## Requirement
Pictures don't belong in the copy; print all the records exactly.

## Provided records

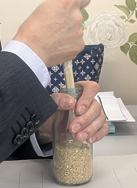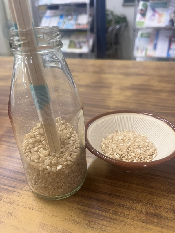 スタッフが瓶での精米をどうしてもやってみたかったので
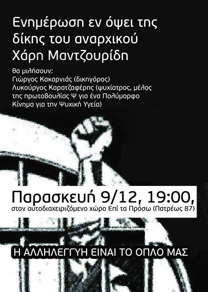 Ενημέρωση εν όψει της δίκης του αναρχικού Χάρη Μαντζουρίδη
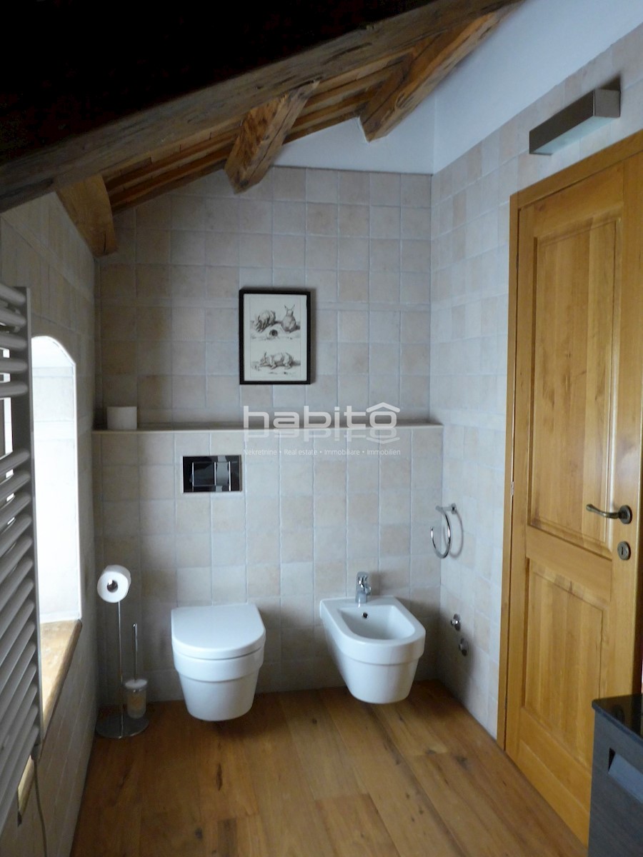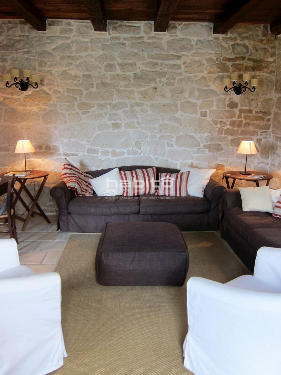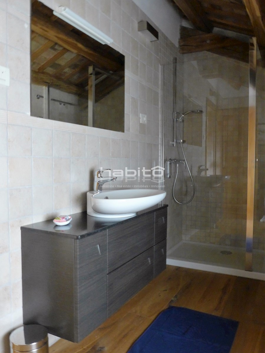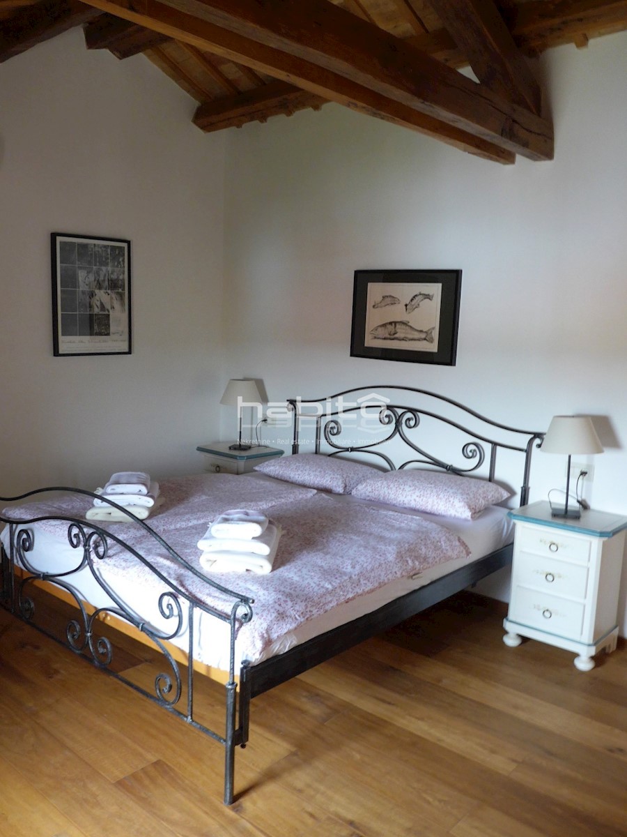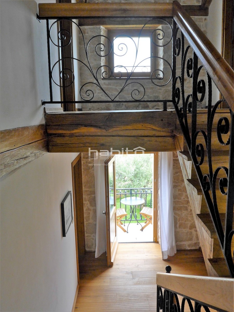 Ein wunderschönes, komplett renoviertes, freistehendes Steinhaus von 180 m2 befindet sich in einem kleinen Dorf, nur 10 km vom Meer und der Stadt Porec entfernt. Das Haus wurde geschmackvoll renoviert, wobei der alte Charme beibehalten wurde, aber moderne
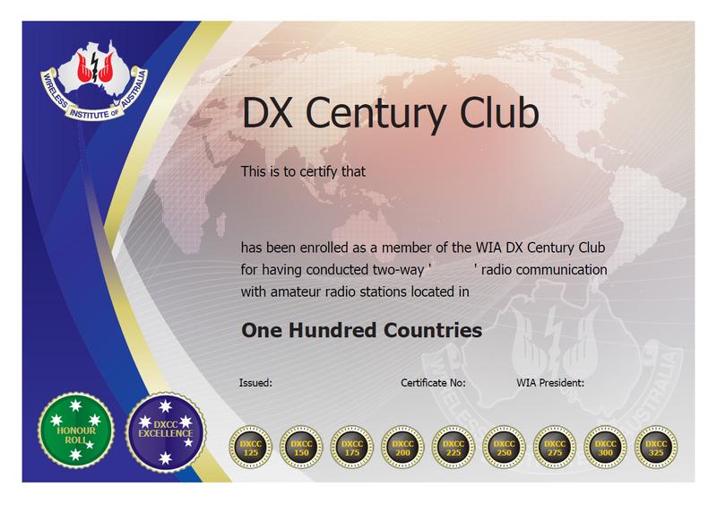 - WIA "DXCC Excellence" achievement is available for working & confirming all current entities.
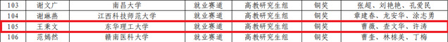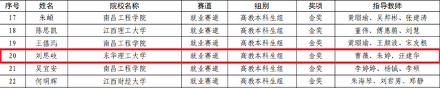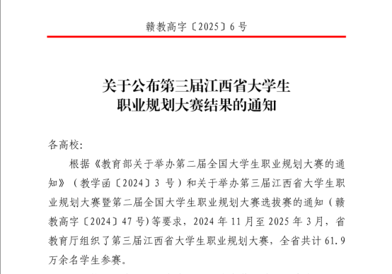 近日,江西省教育厅公布了第三届大学生职业规划大赛结果,雷速网页版师生在比赛中表现优异,最终取得1金2银3铜的好成绩,实现了学校在该项赛事中金奖零的突破。其中,经济与管理学院学生刘思岐获就业赛道本科组金奖,水资源与环境工程学院学生王领浩获本科生成长赛道银奖,地球科学学院学生李颖获本科生成长赛道铜奖,地球科学学院学生齐子瑞获就业赛道本科生组铜奖,水资源与环境工程学院学生王秉文获就业赛道研究生组铜奖,地球物理与测控技术学院学生汪凡煜获短视频赛道银奖。曹薇、朱婷和汪建华被评为优秀指导老师,邓红珍被评为大赛组织工作先进个人。
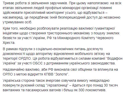 Киев также настаивает на том, чтобы РФ выполнила свои обещания и повлияла на поддерживаемых Россией боевиков с целью открытия контрольно-пропускного пункта Золотое.
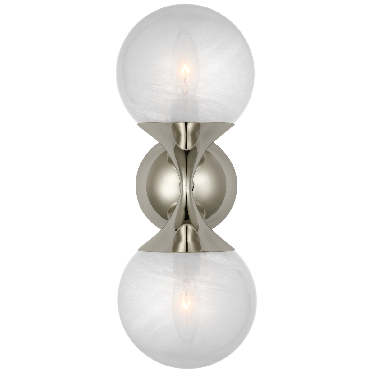 - Kinkiet Cristol Small Double projektu Aerin został wykonany z polerowanego niklu oraz wykończony białym szkłem. Lampa posiada gniazdo na żarówkę E 14.
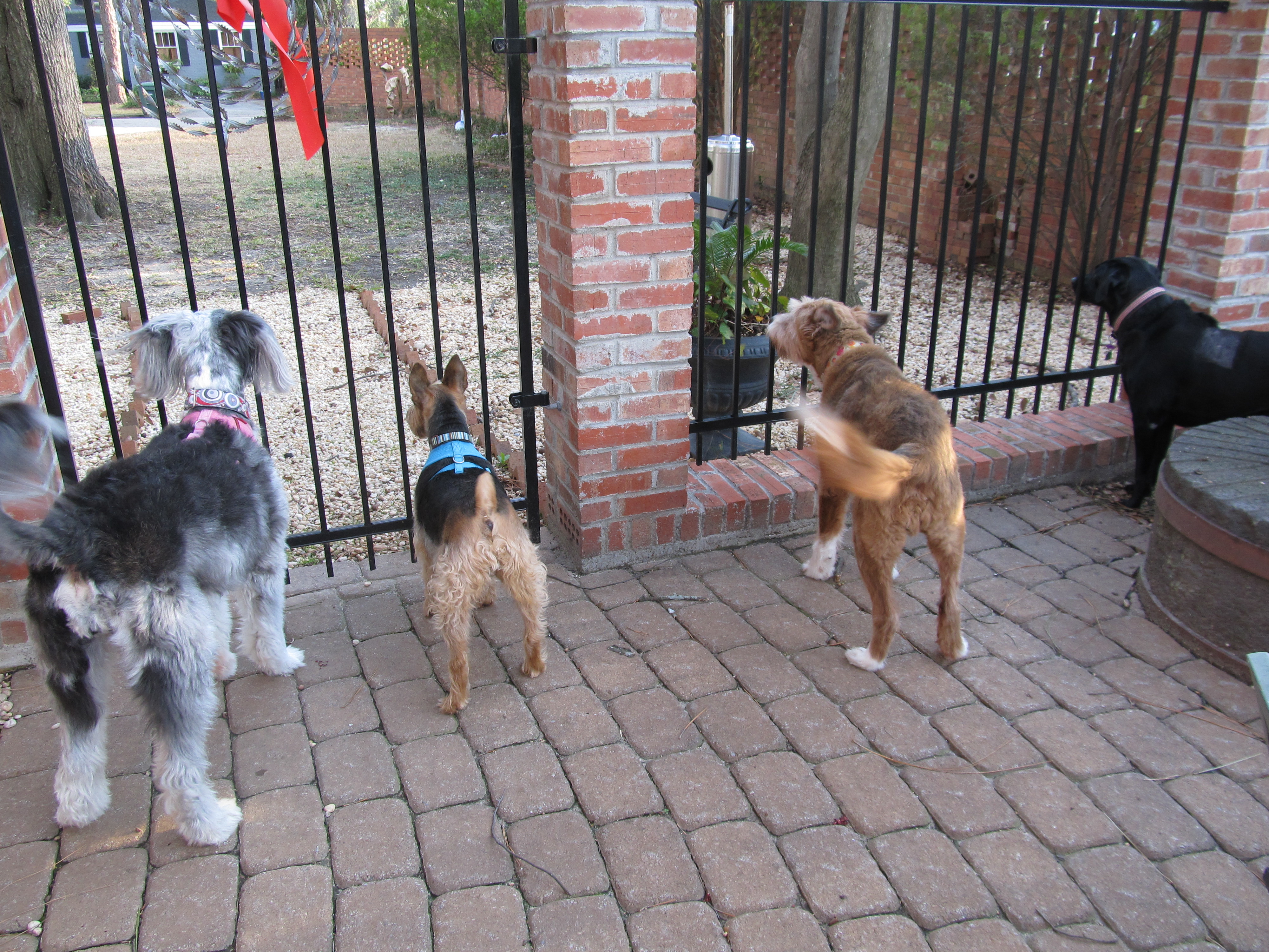 Yep, hail hail the gang’s all here. Smokey Lonesome Ollie, Moi , Paw Licker Annie and Tennis Ball Obsessed Chelsea who is recovering from an unprovoked attack on her back. She tangled with the wrong Big Dawg evidently a couple of weeks ago, but she must be fine. She still goes around slobbering with those yellow tennis balls in her mouth hoping Somebody will throw one for her. It must be hard to be that dumb. I wouldn’t know.
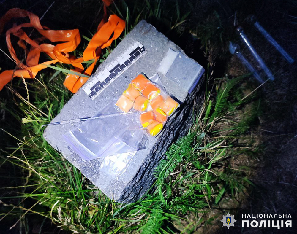Як з’ясувалось, він вже встиг заховати частину партії наркотиків у лісосмузі неподалік. Відтак на місці, вказаному чоловіком, поліцейські виявили ще понад 40 пакунків з кристалічною речовиною.
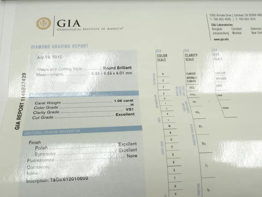 Tiffany & Co PLAT Round Diamond Solitaire Engagement Ring 1.06CT H-VS1
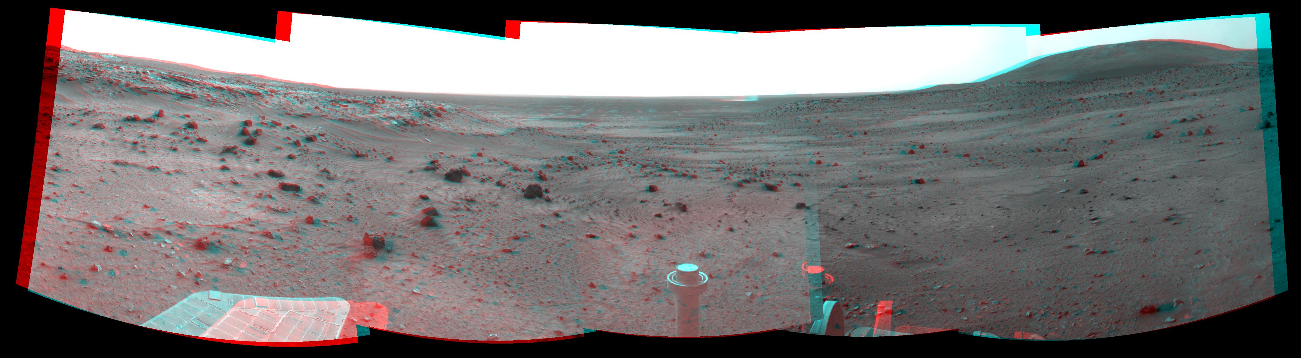 This view combines images from the left-eye and right-eye sides of the navigation camera. It appears three-dimensional when viewed through red-blue glasses with the red lens on the left.
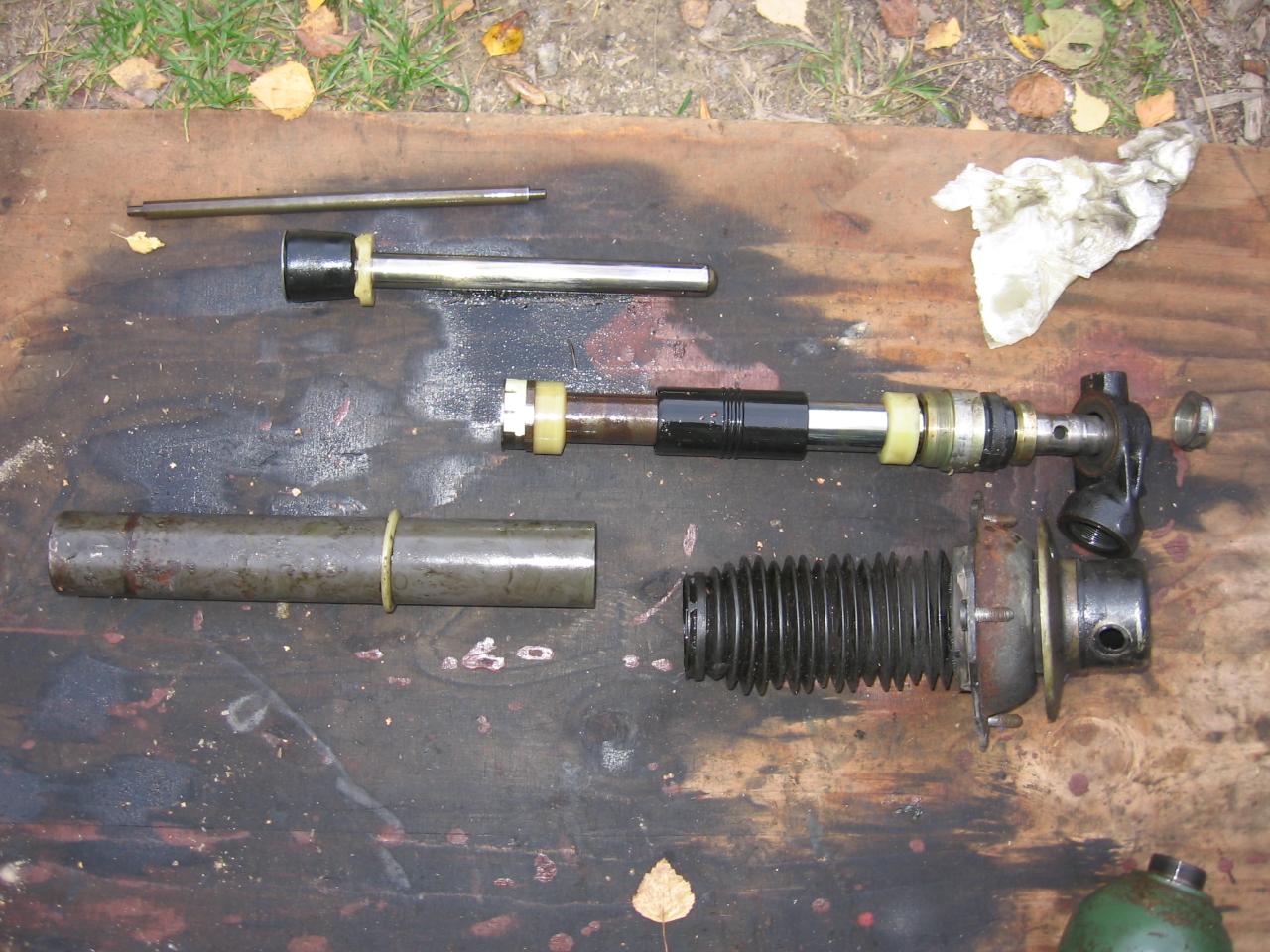 Jousitolpan osat. Alinna ulkokuoret, seuraavalla rivillä varsinainen sylinteri liitosyksiköineen, sitten mäntä ja ylinnä männän sisällä oleva ohjaintappi. Yläasennossa paine nostaa jousituksen sylinterin ympärillä olevaa pitkää kumiholkkia vasten, ala-asennossa auto makaa männän ympärillä olevan kumiholkin päällä.
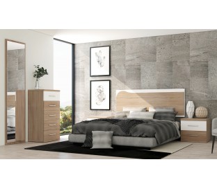 Dormitorio completo con cómoda o sinfonier. Color Cambrian combinado con Blanco.

## Exercise result
 スタッフが瓶での精米をどうしてもやってみたかったので
 Ενημέρωση εν όψει της δίκης του αναρχικού Χάρη Μαντζουρίδη
 Ein wunderschönes, komplett renoviertes, freistehendes Steinhaus von 180 m2 befindet sich in einem kleinen Dorf, nur 10 km vom Meer und der Stadt Porec entfernt. Das Haus wurde geschmackvoll renoviert, wobei der alte Charme beibehalten wurde, aber moderne
 - WIA "DXCC Excellence" achievement is available for working & confirming all current entities.
 近日,江西省教育厅公布了第三届大学生职业规划大赛结果,雷速网页版师生在比赛中表现优异,最终取得1金2银3铜的好成绩,实现了学校在该项赛事中金奖零的突破。其中,经济与管理学院学生刘思岐获就业赛道本科组金奖,水资源与环境工程学院学生王领浩获本科生成长赛道银奖,地球科学学院学生李颖获本科生成长赛道铜奖,地球科学学院学生齐子瑞获就业赛道本科生组铜奖,水资源与环境工程学院学生王秉文获就业赛道研究生组铜奖,地球物理与测控技术学院学生汪凡煜获短视频赛道银奖。曹薇、朱婷和汪建华被评为优秀指导老师,邓红珍被评为大赛组织工作先进个人。
 Киев также настаивает на том, чтобы РФ выполнила свои обещания и повлияла на поддерживаемых Россией боевиков с целью открытия контрольно-пропускного пункта Золотое.
 - Kinkiet Cristol Small Double projektu Aerin został wykonany z polerowanego niklu oraz wykończony białym szkłem. Lampa posiada gniazdo na żarówkę E 14.
 Yep, hail hail the gang’s all here. Smokey Lonesome Ollie, Moi , Paw Licker Annie and Tennis Ball Obsessed Chelsea who is recovering from an unprovoked attack on her back. She tangled with the wrong Big Dawg evidently a couple of weeks ago, but she must be fine. She still goes around slobbering with those yellow tennis balls in her mouth hoping Somebody will throw one for her. It must be hard to be that dumb. I wouldn’t know.
Як з’ясувалось, він вже встиг заховати частину партії наркотиків у лісосмузі неподалік. Відтак на місці, вказаному чоловіком, поліцейські виявили ще понад 40 пакунків з кристалічною речовиною.
 Tiffany & Co PLAT Round Diamond Solitaire Engagement Ring 1.06CT H-VS1
 This view combines images from the left-eye and right-eye sides of the navigation camera. It appears three-dimensional when viewed through red-blue glasses with the red lens on the left.
 Jousitolpan osat. Alinna ulkokuoret, seuraavalla rivillä varsinainen sylinteri liitosyksiköineen, sitten mäntä ja ylinnä männän sisällä oleva ohjaintappi. Yläasennossa paine nostaa jousituksen sylinterin ympärillä olevaa pitkää kumiholkkia vasten, ala-asennossa auto makaa männän ympärillä olevan kumiholkin päällä.
 Dormitorio completo con cómoda o sinfonier. Color Cambrian combinado con Blanco.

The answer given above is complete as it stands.